INSTRUCTIONS TO FOLLOW |
The response should consist only of the lines from the one with "胸元Paris刺しゅう入りフ" to the end of the data below, copied exactly and without pictures.

GIVEN MATERIAL |
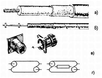 а — с многопроволочным внутренним проводником и сплошной изоляцией; б — с однопроволочным внутренним проводником и изоляцией из диэлектрических шайб; в — ВЧ-разъем; г — компоненты EWB (линии передачи без потерь и с потерями)
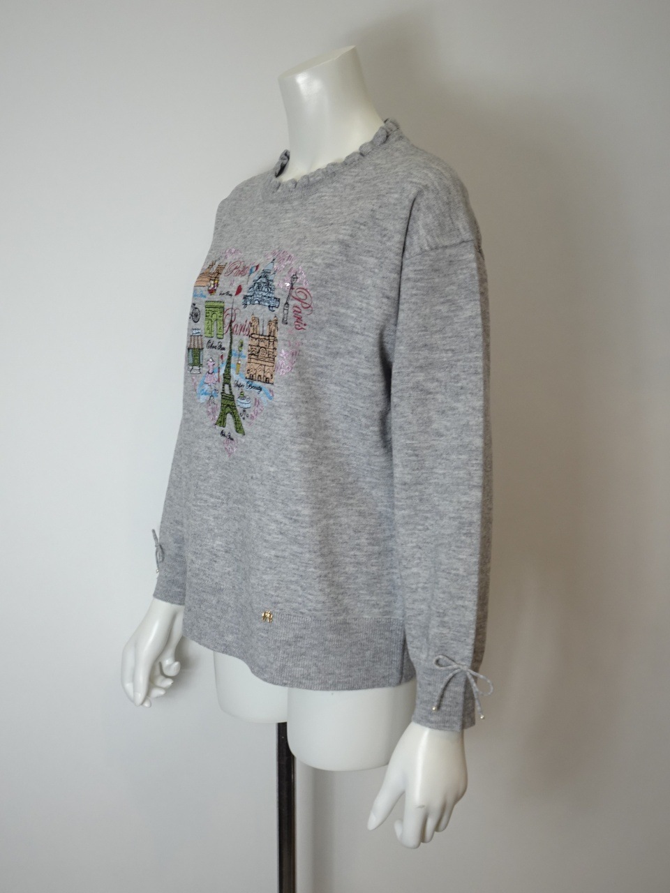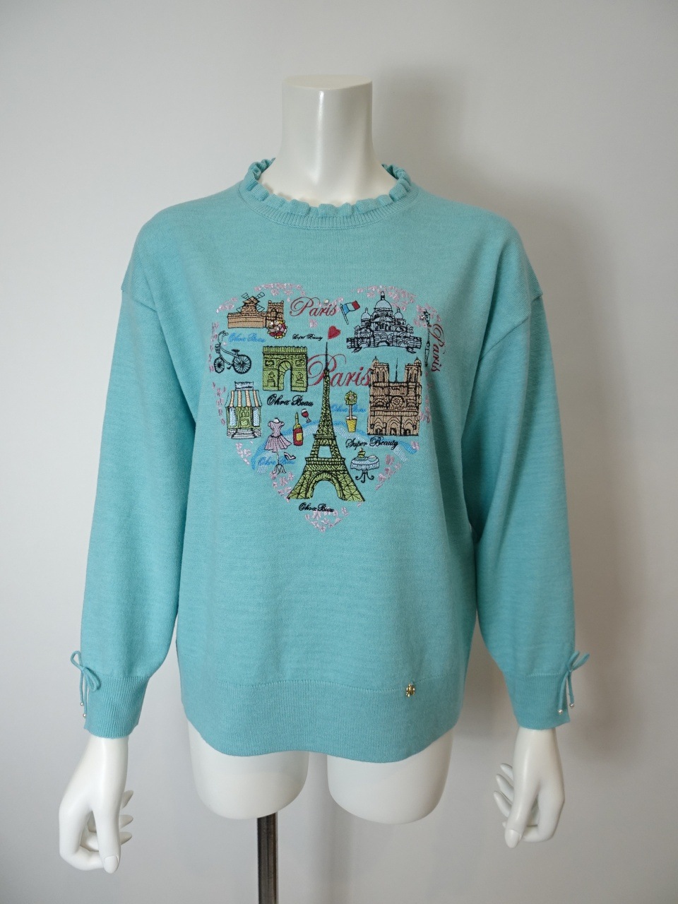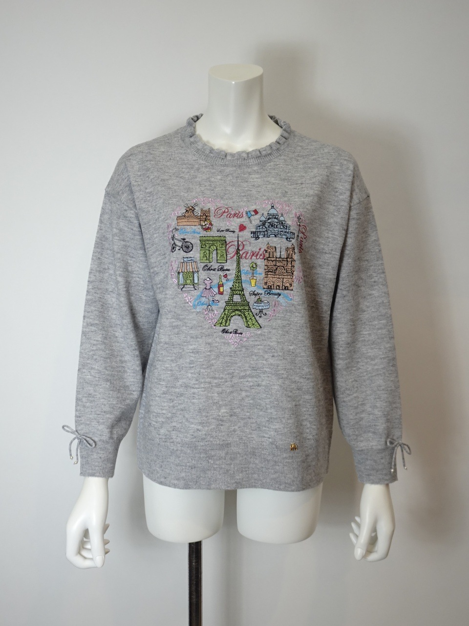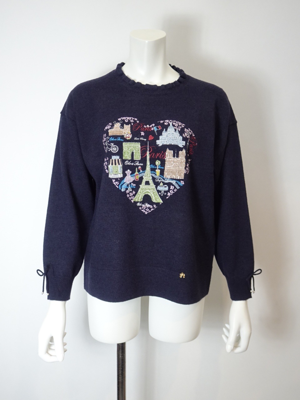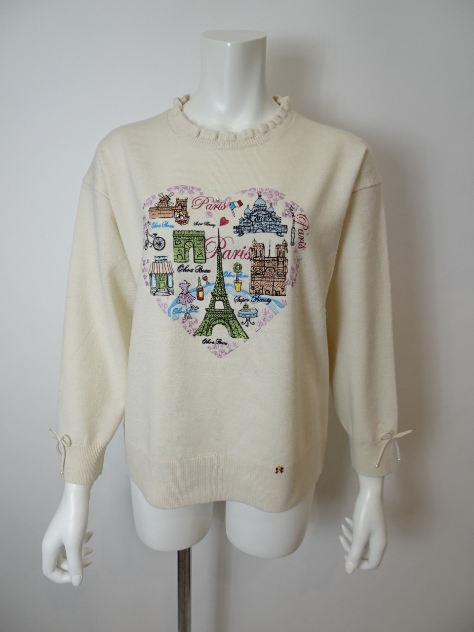 胸元Paris刺しゅう入りフリルデザインセーターは、まるでパリの街角を歩いているような気分にさせてくれる一品です。華やかなハート型刺しゅうが特徴で、心をつかむ可愛らしさを演出します。女性らしさを引き立てるデザインが、おしゃれで特別な場面にもぴったりです。
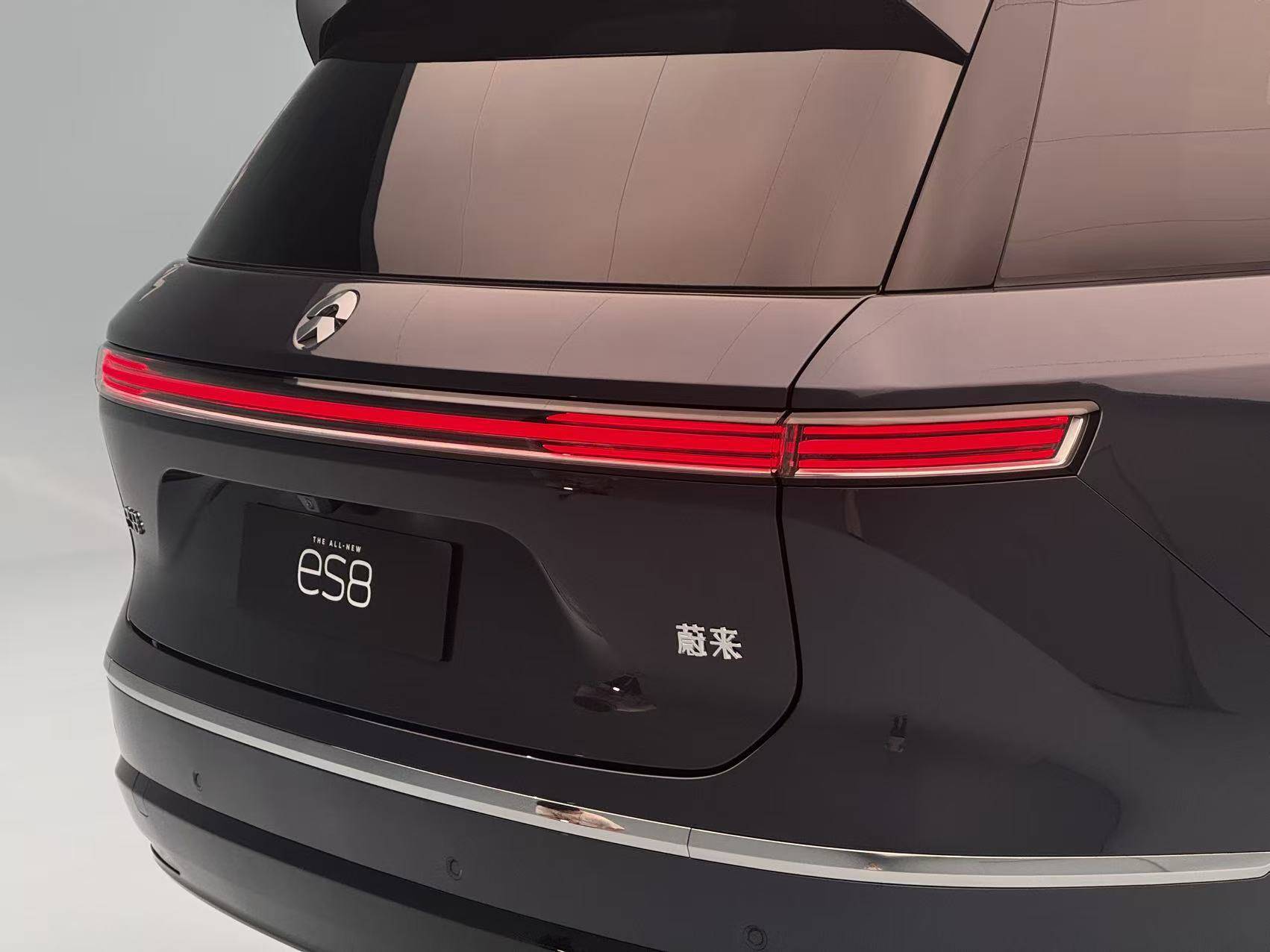 相較之下,全新ES8尾部是比較中庸的一面,型面簡約,屬于不犯錯的沉穩,環繞車身的銀色飾條得到保留,也更寬了。

EXERCISE OUTPUT |
 胸元Paris刺しゅう入りフリルデザインセーターは、まるでパリの街角を歩いているような気分にさせてくれる一品です。華やかなハート型刺しゅうが特徴で、心をつかむ可愛らしさを演出します。女性らしさを引き立てるデザインが、おしゃれで特別な場面にもぴったりです。
 相較之下,全新ES8尾部是比較中庸的一面,型面簡約,屬于不犯錯的沉穩,環繞車身的銀色飾條得到保留,也更寬了。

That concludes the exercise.